Les déchets de structure métallique issus du cisaillage des éléments combustibles (embouts métalliques des combustibles, coques, etc.) sont conditionnés par compactage grâce à une presse de 2 500 tonnes et mis en conteneurs.
L’apparence de ces colis est encore bien loin de celle des fûts jaunes… même s’ils ne sont pas représentatifs de l’ensemble des déchets produits en France, en termes de volume.
Le symbole du tri-secteur
Le logo proposé par la Commission du débat public sur le PNGMDR montre des fûts, identifiés par des tri-secteurs. Effectivement, ce symbole est couramment utilisé par les lois et organisations internationales, dans l’industrie nucléaire, mais aussi en médecine nucléaire. L’occasion est de rappeler ici que l’industrie nucléaire n’est pas la seule à produire des déchets radioactifs ; la radioactivité a de nombreux usages à commencer par sauver des vies. En médecine nucléaire, la radioactivité permet certains examens médicaux les plus poussés et précis (scanner, radiothérapie…). Le tri-secteur est régulièrement présent dans les hôpitaux, chez les dentistes, etc. Il alerte des rayonnements ionisants émis par des sources radioactives. La France compte 750 médecins et internes spécialistes, actifs dans plus de 200 centres de médecine nucléaire. Un million et demi d’actes de diagnostic ont été réalisés en 2017 grâce à la médecine nucléaire, en croissance de 9 % par an.
Les mains sur les fûts
Pour la Commission, « les mains levées sur et contre les fûts » représentés sur le logo symbolisent « la demande de prise de parole ». Ces mains ont été inspirées par celles de la Cueva de las Manos, la Grotte des Mains, un site archéologique riche en peintures rupestres en Argentine, dans la province de Santa Cruz. Les mains colorées représentent, quant à elles, les différentes opinions du public posant des questions, insistant sur la parole donnée à toutes et tous.
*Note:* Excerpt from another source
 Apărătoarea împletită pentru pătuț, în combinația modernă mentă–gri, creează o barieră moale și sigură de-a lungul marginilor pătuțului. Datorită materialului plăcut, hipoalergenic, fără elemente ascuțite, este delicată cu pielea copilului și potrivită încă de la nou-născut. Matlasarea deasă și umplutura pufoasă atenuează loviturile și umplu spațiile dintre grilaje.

Le logo, un prétexte au débat de fond
Si ce logo peut poser question, puisque ces fûts jaunes ne sont pas représentatifs de l’industrie nucléaire, il n’en demeure pas moins que l’objectif premier du débat public sur le PNGMDR est de parler de tous les sujets, sans tabou, concernant les matières valorisables et les déchets radioactifs.
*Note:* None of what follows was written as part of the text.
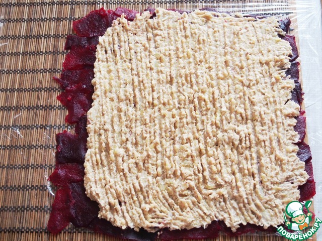 Сверху распределить форшмак. Для удобства, я переложила форшмак в целлофановый пакет, отрезала уголочек и выдавливала на свеклу. |

Cette volonté de vulgarisation de la Commission se reflète à travers la richesse des contenus du site internet https://pngmdr.debatpublic.fr mis en place la veille du lancement du débat public.
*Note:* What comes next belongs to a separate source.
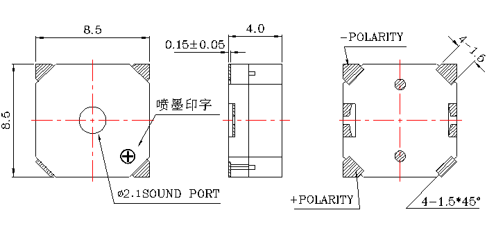 9 | Dimension | mm | 8.5 x 8.5 x H4.0 | See appearance drawing |

Le débat public sur le PNGMDR proposé sur une période de cinq mois doit permettre à chacun de s’informer, non seulement via ce site internet, mais aussi grâce aux nombreuses réunions publiques et débats organisés dans toute la France dans les prochaines semaines. Cf calendrier
Si la Commission a le souhait d’informer, de vulgariser sur les nombreux thèmes que revêt la gestion des matières valorisables et des déchets radioactifs, la neutralité doit rester de mise. Espérons que ce logo « surprenant et provocateur pour certains » et non représentatif de la réalité n’influence pas le fond du débat.